I felt the rebuke, and without another complaint equipped myself to depart.
I saw no more of the old house that night, for we passed the secret panel in the winding staircase which led to the main building, and penetrating downward through cellars and vaulted passages, came to the open air through the floor of a dilapidated summer-house.
“Look,” said Chaleco, holding his lantern down that I might examine the tessellated pattern worked in with colored marbles. “Should the old house be inhabited at any time, and you wish to seek the tower yonder, press your hand upon this little flag of verd-antique, the only block of that noble stone that you will find here. See how easily it works!”
He touched the diagonal fragment, and instantly the centre of the floor sunk an inch or two and wheeled inward, leaving a circular entrance and a glimpse of the winding stairs we had just mounted, where a large mosaic star had a moment before formed a centre to the radiating pattern of the pavement.
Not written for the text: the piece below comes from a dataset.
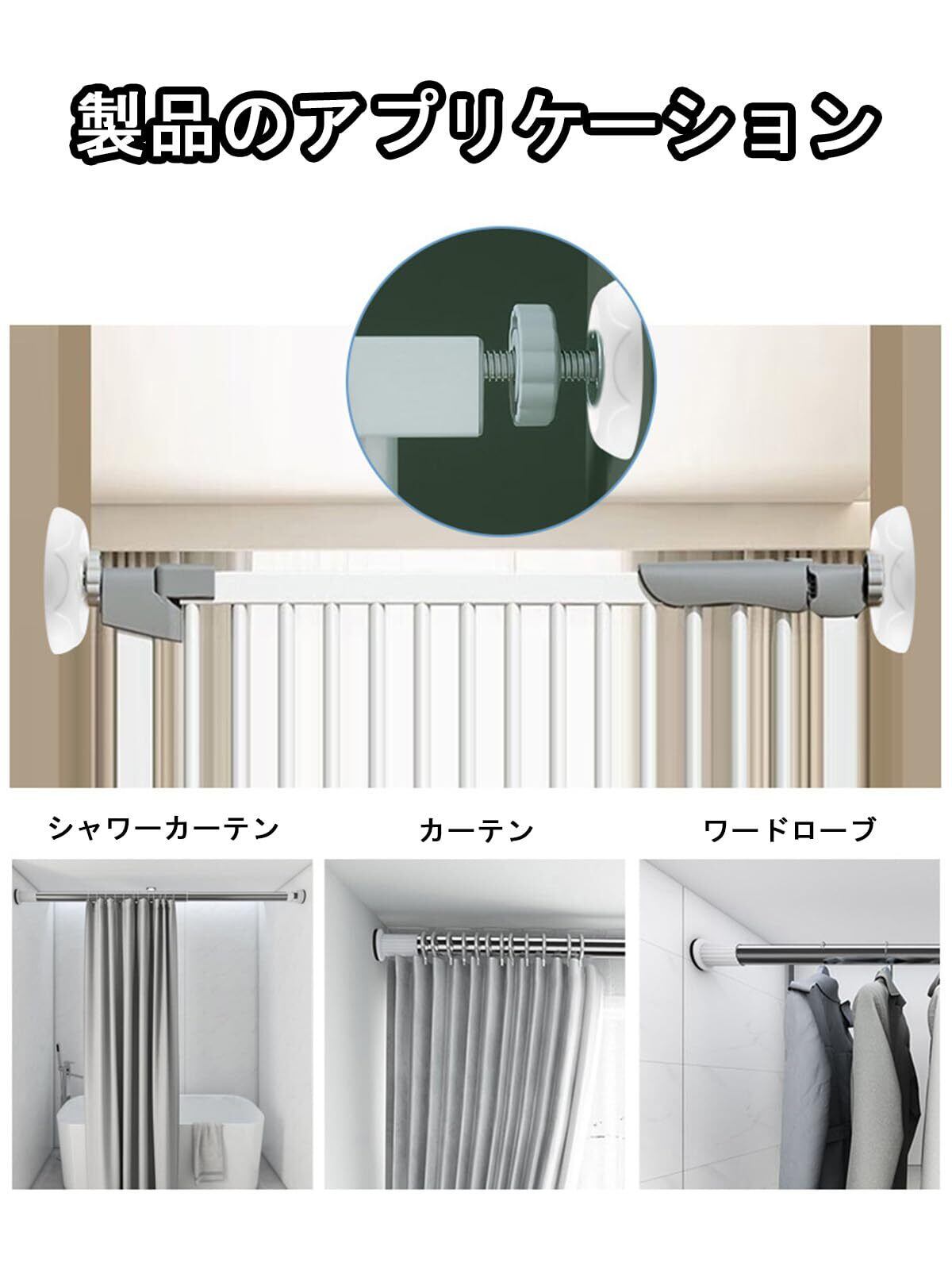 【主な用途】安全ドアガードレール、ドア手すり、シャワーカーテンロッド、カーテンロッド、ワードローブロッドなどに設置できます。

“You understand,” he said, wheeling the star back to its place, “this passage may yet be of use, who knows? At any rate, it is our secret. I found the passage and blocked up the turret door. No one remembers much about the old house now, and the change will never be noticed. No human soul that ever breathed here, save you and I, are alive; and my lady countess must take the old pile as she finds it. Twenty years of ruin will make changes; the birds and I have held possession a long time,” he added, lifting his eyes to the rooks’ nests that blackened the topmost boughs of a group of elms just above us.